Kainatta tek bir hakikat ve ideal olabilir ama hakikatı ve ideali doğru bildiğine gerçekten inanıyor musun? Bu bilgiye nereden eriştin? Yoksa yaşadıklarına ve öğrendiklerine bakarak kendi gerçekliğini oluşturmuş ve onu hakikat sanıyor olmayasın?

Herkes yanlış yolda, bir sen doğru yoldasın?

Türlü türlü insan, türlü türlü görüş var. N tane görüş varsa N-1 tanesi seninkinden farklı. Bu durum tüm bu insanların yanlış yolda olduğunu gösterir mi?

Realistler ayağını yere bastırmak için var.

Hayalindeki ideali savunurken kendini "ama gerçekler böyle değil" diyen realist insanlarla tartışırken bulacaksın. Hiç idealinin yapılabilir olup olmadığını düşündün mü? Belki şu anki koşullarda yapılması mümkün olmayan bir şeyi diretiyorsun?

Herkes senin gibi prensip sahibi olmak zorunda değil, üzülme

Etik değerlere ve prensiplere sıkı sıkıya bağlısın. Kötü bir insan olmak seni korkutuyor. Halbuki etrafındaki birçok insanın pragmatik (çıkarcı) ve realist (gerçekçi) olduğunu görebilirsin. Bu durum seni sık sık zıvanadan çıkarabilir. Sinirlerine hakim ol. Çünkü insanların çoğu asla senin gibi olamayacaklar. Birçoğunun doğası bu.
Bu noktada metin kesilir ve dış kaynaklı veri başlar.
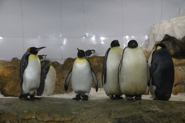 立ち姿も違います。キングは多くの場合フリッパーを身体から少し離しているのに対し、エンペラーはピッタリとくっつけています。(前回前々回の写真でもそうです。)これも寒さ対策の違いです。展示室は室温0度からマイナス3度くらいなので、エンペラーにとって実際は寒くないでしょうけど。
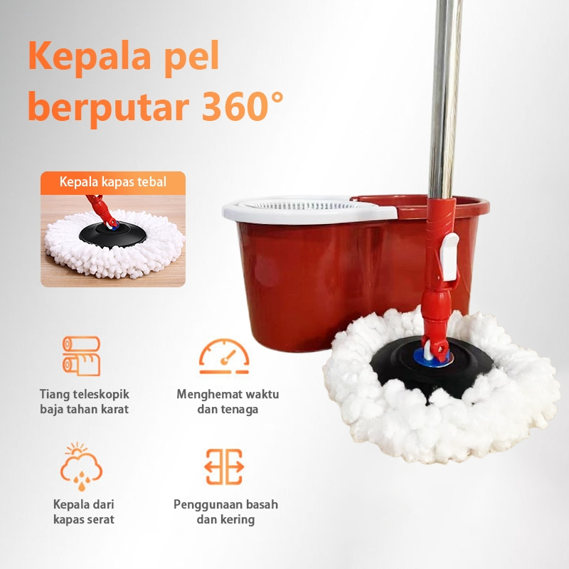 LAsen Alat Pel Lantai Mop Stainless Mop Spin Mop Dengan Rol Praktis Putar Hand Pressure Rotary 360°

Doğrucu davutluk her zaman işe yarar mı?

Doğrucu Davutluk yapan birine her zaman ihtiyaç vardır. Bu konuda çok iyisin. Ama ortam şartlarına göre realist takılmak bazen daha iyi olabilir. Buna karar verebilecek kabiliyettesin. Kulaklarını kapatan insanlara doğruyu diretmek ne fayda verir? Bazen diretmek iyiyken bazen de başka bir yol düşünmek gerekir.

Dünyayı kurtarma görevini sana kim verdi?

Dünyayı daha iyi bir yer haline getirmeyi, eksikleri kapatmayı, dünyada bir iz bırakmayı çok istiyorsun. Bu harika bir şey! Peki bu sorumluluğu sana kim yükledi? Bir düşün. Daha önce hiç düşünmüş müydün? Yine sen yükledin. Kimse sana dünyayı değiştirmek zorundasın demedi. Peki bu isteklerin olmasaydı kendini daha rahat ve stressiz hisseder miydin? Muhtemelen. Bu istekleri ortadan kaldır demiyorum. Sadece onların seni yönetmesine izin verme, yeter.

Mükemmeli ararken kendine zulmetmiyor musun?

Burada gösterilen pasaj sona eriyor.